*** Begin section ***

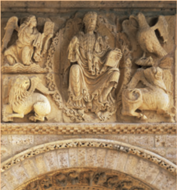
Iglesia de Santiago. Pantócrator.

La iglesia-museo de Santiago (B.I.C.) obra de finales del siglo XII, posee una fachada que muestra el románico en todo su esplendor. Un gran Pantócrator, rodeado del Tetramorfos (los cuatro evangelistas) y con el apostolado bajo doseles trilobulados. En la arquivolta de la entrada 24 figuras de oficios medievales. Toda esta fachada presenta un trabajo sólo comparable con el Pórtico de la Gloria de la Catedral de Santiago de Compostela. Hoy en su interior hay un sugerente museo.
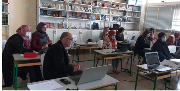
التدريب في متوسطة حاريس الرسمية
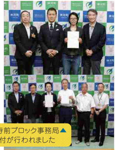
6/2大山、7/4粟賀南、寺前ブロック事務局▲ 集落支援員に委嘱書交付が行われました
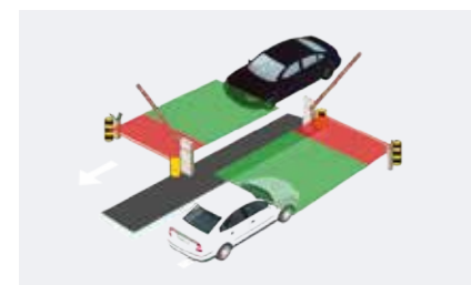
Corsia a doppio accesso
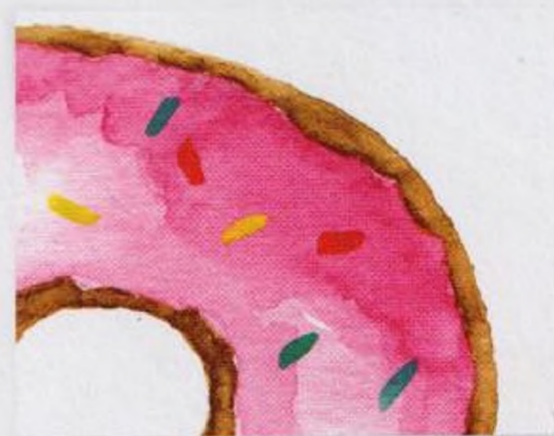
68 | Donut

*** End section ***
*** Begin section ***

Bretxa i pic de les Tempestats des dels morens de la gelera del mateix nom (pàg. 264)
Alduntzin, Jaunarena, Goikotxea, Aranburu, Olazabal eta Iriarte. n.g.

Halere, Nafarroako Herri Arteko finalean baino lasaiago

*** End section ***

▶ YOUR TASK: Once you reach the line with "Alduntzin, Jaunarena, Goikotxea, Aranburu, Olazabal" in the data above, copy it and every line after it exactly, up to and including the line with "Halere, Nafarroako Herri".

▶ ANSWER SECTION:
Alduntzin, Jaunarena, Goikotxea, Aranburu, Olazabal eta Iriarte. n.g.

Halere, Nafarroako Herri Arteko finalean baino lasaiago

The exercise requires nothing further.